In this study, in order to ensure integrity of fatigue damaged friction stir welded (FSW) joints of 3mm thickness which has a fatigue crack at center part of welding center, two types of laser peening treatment are applied at the tip of the fatigue crack. One is conventional LPwC treatment treated in water and the other one is newly developed Dry-LP treatment treated in atmosphere. When the Dry-LP was applied, crack growth was almost suppressed including the inside of the specimen.

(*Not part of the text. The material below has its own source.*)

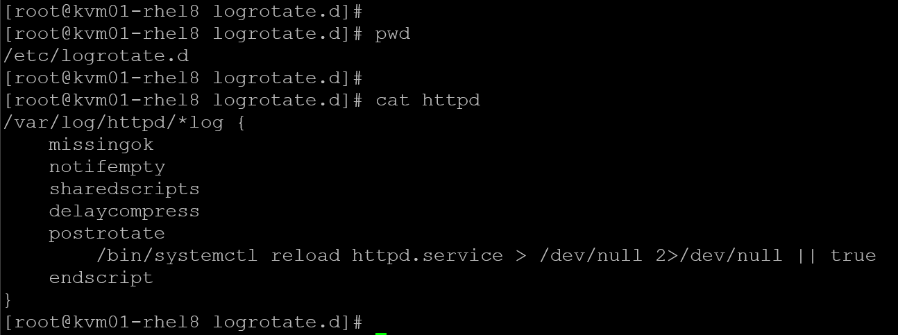 Note: Since logrotate runs daily via cron, no action is required to restart or take any other steps. However, we can do a manual invocation of the created file:

However, when the LPwC was applied, fatigue crack propagate about 1 mm during 2.0x104 cycles and its fatigue crack propagation rate had accelerated. This study suggested that Dry-LP is suitable for FSWed thin plate. In addition, as a result of simultaneously visualizing the stirred structure formed by FSW process and the fatigue crack using synchrotron radiation laminography, it became clear that the fatigue crack propagates in the boundary portion of the stirred structure and the base material.

Free Research Field

材料力学

Academic Significance and Societal Importance of the Research Achievements

本研究では、摩擦攪拌（FSW）継手材を対象として、放射光ラミノグラフィを利用した疲労き裂と摩擦攪拌組織の同時可視化をおこない、世界で初めてFSW継手材に発生した疲労き裂進展状況と摩擦攪拌組織を可視化した。この成果は、FSW継手のき裂発生・進展メカニズム解明に大きく貢献するものである。さらに、疲労損傷を受けたFSW継手材にレーザピーニング（LP）処理を施し、特にDry-LP処理によって疲労き裂の成長を停止させた成果は、航空機などの薄板構造物の安全性を確保することにつながり、社会的に大きな意義を持つものである。